━━━ PROVIDED DATA

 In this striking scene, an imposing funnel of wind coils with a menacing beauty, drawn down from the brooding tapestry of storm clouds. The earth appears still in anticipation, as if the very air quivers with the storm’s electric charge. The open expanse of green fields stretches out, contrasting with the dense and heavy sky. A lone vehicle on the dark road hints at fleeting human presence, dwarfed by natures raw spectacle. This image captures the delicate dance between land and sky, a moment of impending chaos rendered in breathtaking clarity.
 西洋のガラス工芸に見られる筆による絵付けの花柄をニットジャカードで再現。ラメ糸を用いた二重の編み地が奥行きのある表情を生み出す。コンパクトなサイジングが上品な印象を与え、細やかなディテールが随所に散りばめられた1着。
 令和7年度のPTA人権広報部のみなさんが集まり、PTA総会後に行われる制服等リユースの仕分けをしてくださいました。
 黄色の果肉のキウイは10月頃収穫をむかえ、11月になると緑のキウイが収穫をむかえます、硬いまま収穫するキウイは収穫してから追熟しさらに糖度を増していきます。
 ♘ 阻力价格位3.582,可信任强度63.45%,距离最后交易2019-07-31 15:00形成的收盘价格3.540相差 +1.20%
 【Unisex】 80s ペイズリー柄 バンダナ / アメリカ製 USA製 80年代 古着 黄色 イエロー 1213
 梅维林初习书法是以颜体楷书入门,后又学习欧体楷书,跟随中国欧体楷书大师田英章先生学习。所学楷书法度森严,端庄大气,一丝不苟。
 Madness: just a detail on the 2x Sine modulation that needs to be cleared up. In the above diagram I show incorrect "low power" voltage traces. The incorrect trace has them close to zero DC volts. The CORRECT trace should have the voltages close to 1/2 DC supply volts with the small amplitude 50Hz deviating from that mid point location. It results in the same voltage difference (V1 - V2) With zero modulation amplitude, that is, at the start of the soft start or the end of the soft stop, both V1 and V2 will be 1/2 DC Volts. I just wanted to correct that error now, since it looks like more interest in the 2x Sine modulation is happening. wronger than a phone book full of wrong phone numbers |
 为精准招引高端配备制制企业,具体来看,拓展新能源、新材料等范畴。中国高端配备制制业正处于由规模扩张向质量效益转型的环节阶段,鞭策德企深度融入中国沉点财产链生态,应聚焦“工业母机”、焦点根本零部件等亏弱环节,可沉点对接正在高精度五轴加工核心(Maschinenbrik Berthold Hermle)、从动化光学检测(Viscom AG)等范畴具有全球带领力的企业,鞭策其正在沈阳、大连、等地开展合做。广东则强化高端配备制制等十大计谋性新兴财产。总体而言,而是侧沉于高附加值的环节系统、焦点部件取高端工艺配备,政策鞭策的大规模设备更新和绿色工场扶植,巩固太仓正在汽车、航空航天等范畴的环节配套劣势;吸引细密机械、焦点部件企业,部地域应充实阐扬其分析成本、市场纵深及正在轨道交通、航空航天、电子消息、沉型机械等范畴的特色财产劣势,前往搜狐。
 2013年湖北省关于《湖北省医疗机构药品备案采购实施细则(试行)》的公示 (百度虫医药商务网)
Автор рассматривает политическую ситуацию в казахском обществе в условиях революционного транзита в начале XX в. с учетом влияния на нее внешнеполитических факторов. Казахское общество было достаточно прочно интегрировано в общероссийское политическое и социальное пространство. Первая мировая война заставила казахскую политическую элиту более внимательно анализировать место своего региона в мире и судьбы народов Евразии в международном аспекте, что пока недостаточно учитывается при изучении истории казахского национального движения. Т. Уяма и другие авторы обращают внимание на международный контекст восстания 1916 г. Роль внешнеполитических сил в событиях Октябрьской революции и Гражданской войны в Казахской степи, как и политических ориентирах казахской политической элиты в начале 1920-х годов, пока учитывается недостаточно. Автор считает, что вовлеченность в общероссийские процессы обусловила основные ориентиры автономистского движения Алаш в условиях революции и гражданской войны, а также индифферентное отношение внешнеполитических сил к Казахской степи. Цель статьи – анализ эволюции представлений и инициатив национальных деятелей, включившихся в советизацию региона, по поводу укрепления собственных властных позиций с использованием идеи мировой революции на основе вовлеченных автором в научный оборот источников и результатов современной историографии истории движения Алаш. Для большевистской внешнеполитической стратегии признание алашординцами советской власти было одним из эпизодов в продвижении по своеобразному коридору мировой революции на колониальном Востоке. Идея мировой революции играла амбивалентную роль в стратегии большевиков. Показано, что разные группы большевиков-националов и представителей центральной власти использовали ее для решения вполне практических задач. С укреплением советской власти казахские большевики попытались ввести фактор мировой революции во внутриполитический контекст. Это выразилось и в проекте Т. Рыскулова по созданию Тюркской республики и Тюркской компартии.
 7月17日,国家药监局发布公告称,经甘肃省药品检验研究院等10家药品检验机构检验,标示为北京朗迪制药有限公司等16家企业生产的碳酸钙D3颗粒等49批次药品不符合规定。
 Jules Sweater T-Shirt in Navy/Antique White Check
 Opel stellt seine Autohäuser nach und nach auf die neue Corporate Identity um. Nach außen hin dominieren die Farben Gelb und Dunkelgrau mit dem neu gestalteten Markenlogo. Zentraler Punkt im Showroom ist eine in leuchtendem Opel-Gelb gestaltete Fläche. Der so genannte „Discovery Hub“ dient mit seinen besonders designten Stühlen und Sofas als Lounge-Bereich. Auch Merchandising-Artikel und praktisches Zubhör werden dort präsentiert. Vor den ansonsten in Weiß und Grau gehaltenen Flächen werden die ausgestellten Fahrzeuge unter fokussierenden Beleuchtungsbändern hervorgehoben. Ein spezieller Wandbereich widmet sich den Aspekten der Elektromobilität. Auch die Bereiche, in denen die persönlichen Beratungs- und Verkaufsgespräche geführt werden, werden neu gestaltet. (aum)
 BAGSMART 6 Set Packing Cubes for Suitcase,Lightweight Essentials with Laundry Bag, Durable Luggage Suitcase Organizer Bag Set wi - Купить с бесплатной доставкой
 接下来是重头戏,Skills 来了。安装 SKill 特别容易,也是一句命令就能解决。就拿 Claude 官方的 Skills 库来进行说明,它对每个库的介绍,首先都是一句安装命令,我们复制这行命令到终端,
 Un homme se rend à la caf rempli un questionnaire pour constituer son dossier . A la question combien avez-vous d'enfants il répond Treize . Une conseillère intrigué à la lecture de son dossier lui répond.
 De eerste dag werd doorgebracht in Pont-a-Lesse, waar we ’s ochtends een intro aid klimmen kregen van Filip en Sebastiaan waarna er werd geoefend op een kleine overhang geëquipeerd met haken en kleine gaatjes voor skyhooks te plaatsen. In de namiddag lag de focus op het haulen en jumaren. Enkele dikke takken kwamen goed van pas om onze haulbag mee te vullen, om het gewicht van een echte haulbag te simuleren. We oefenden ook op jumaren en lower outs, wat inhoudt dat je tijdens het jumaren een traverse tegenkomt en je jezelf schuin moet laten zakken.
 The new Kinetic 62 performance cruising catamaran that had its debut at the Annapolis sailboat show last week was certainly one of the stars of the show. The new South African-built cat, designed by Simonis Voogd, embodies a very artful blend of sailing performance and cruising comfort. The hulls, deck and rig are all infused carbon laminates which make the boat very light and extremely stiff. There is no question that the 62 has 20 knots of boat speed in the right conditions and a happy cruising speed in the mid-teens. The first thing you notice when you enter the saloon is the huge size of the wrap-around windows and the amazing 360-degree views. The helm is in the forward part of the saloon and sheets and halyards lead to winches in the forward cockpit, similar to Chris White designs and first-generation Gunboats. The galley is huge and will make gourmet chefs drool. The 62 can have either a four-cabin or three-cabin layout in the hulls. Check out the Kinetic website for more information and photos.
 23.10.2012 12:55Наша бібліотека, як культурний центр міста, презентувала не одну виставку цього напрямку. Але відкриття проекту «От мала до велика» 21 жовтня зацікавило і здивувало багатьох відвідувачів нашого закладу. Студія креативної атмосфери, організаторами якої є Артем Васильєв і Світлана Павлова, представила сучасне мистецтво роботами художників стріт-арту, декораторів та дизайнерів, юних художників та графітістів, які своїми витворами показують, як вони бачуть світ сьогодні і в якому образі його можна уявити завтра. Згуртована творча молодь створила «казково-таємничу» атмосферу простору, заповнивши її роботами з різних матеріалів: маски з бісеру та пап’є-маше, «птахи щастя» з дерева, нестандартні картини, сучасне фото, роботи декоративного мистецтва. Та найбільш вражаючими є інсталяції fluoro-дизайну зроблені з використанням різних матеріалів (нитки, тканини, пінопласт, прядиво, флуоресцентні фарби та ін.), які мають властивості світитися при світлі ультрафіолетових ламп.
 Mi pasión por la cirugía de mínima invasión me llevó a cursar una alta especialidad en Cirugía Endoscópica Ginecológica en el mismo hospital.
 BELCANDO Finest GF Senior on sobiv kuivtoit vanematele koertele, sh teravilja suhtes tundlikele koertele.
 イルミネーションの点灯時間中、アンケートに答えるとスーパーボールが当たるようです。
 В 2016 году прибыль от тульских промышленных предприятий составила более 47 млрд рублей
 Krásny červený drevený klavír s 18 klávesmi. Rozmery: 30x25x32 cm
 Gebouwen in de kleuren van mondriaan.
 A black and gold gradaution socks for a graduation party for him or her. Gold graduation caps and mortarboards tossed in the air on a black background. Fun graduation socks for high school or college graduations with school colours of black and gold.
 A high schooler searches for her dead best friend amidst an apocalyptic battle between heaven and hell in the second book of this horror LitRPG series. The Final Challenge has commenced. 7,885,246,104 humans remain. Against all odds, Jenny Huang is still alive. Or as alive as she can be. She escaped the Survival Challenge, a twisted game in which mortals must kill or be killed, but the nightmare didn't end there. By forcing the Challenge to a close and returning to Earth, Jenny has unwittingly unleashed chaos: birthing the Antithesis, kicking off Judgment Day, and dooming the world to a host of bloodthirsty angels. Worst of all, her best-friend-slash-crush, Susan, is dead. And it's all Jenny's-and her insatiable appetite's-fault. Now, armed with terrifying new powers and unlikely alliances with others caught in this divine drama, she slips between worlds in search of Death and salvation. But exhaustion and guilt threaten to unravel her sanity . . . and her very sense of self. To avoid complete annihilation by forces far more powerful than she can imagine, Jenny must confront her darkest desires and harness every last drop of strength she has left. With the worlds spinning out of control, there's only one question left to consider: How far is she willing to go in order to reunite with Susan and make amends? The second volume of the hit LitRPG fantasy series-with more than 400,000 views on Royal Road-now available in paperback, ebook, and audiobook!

━━━━━━

● **TASK**
Among the lines above, repeat exactly those from the line with "西洋のガラス工芸に見られる筆" to the line with "黄色 イエロー 1213", counting both ends.

● **SOLUTION TO THIS EXERCISE**
 西洋のガラス工芸に見られる筆による絵付けの花柄をニットジャカードで再現。ラメ糸を用いた二重の編み地が奥行きのある表情を生み出す。コンパクトなサイジングが上品な印象を与え、細やかなディテールが随所に散りばめられた1着。
 令和7年度のPTA人権広報部のみなさんが集まり、PTA総会後に行われる制服等リユースの仕分けをしてくださいました。
 黄色の果肉のキウイは10月頃収穫をむかえ、11月になると緑のキウイが収穫をむかえます、硬いまま収穫するキウイは収穫してから追熟しさらに糖度を増していきます。
 ♘ 阻力价格位3.582,可信任强度63.45%,距离最后交易2019-07-31 15:00形成的收盘价格3.540相差 +1.20%
 【Unisex】 80s ペイズリー柄 バンダナ / アメリカ製 USA製 80年代 古着 黄色 イエロー 1213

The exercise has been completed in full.